A Plumbing We Will Go is a 1940 short subject directed by Del Lord starring American slapstick comedy team The Three Stooges (Moe Howard, Larry Fine and Curly Howard). It is the 46th entry in the series released by Columbia Pictures starring the comedians, who released 190 shorts for the studio between 1934 and 1959.

Plot
The Stooges started out as homeless thieving beggars and are put on trial for stealing chickens. After being acquitted on a charge of chicken stealing, the Stooges attempt to catch a live fish from a pet store aquarium tank. A beat cop (Bud Jamison) catches them in action and gives chase, forcing the boys to pose as plumbers to avoid being incarcerated.

Unfortunately due to their incompetence, The Stooges manage to destroy the entire plumbing system in the home in grand fashion. Curly attempts to repair what he believes is a leak in the upstairs bathroom and ends up constructing a maze of pipes that traps him. Larry digs up the front lawn in fruitless search of the water shutoff valve. In addition, Moe and Curly end up connecting a water pipe with another nearby pipe housing electrical wires, leading to water exiting every electrical appliance in the mansion, resulting in much comedic suffering for the mansion’s bewildered chef (Dudley Dickerson). When a hostess invites her guests to watch Niagara Falls on her new television set, the whole company gets doused with water (therefore leading to the invention of 4-D television).

The homeowner arrives to see his house in shambles and accidentally undoes the Stooges' convoluted repair work. As they are about to reprimand him, it becomes clear that the homeowner happens to be the judge who found them innocent a few hours earlier; in the last scene the Three Stooges are running away while being chased by the Judge, his butler and the police.

Production notes
A Plumbing We Will Go was filmed on December 13–18, 1939. It was the last Stooge short filmed in the 1930s. It was a remake of the Sidney and Murray short film, Plumbing for Gold (1934), and would be remade again with El Brendel and Shemp Howard as Pick a Peck of Plumbers (1944). The Stooges remade A Plumbing We Will Go as Vagabond Loafers (1949) and Scheming Schemers (1956) using stock footage. The original story in Plumbing for Gold involved searching for a lost ring which the Stooges did not use until Scheming Schemers.

Curly recreated the maze-of-pipes gag several years later in Swing Parade of 1946 (1946). Shemp Howard attempted it as well in Vagabond Loafers and Scheming Schemers, while Joe DeRita also attempted the gag in Have Rocket, Will Travel (1959). The chicken-stealing segment that opens the film was also reworked in Listen, Judge (1952).
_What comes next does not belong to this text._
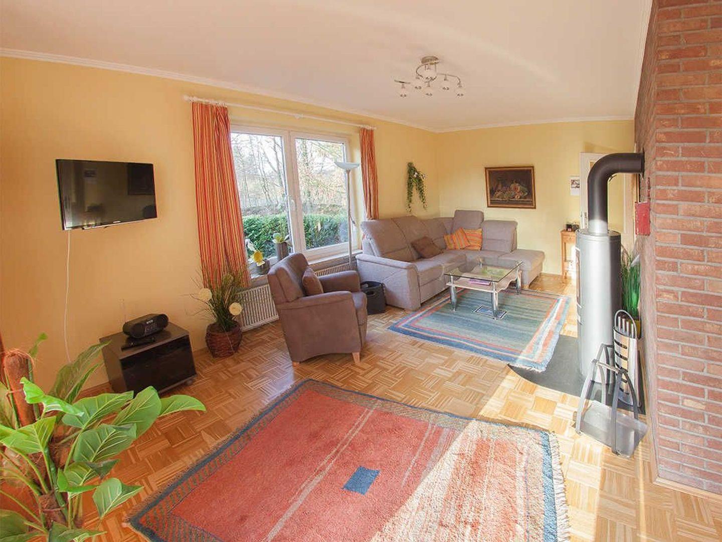 Durch den geräumigen Flur mit Garderobe und Gäste-WC gelangen Sie in den offenen Wohnbereich, der sich harmonisch anschließt an den Essplatz mit Küchenzeile. Getrennt durch eine Klinkerwand ist der Raum in U-Form gestaltet und vermittelt ein angenehmes Raumgefühl. Hier geht es auch hinaus auf die Süd-Terrasse. Der große Garten bietet ein Gartenhaus nebst Brunnen und Kamingrill.

Aside from the aforementioned reworked films, footage from A Plumbing We Will Go also reappeared in the compilation feature film Stop! Look! and Laugh! (1960).

Like A Ducking They Did Go (1939), the title is a play on the children's song, "A-Hunting We Will Go".

Reception
A Plumbing We Will Go is considered a quintessential Three Stooges film. Ranking as a consistent fan favorite, the film was also a favorite of star Curly Howard.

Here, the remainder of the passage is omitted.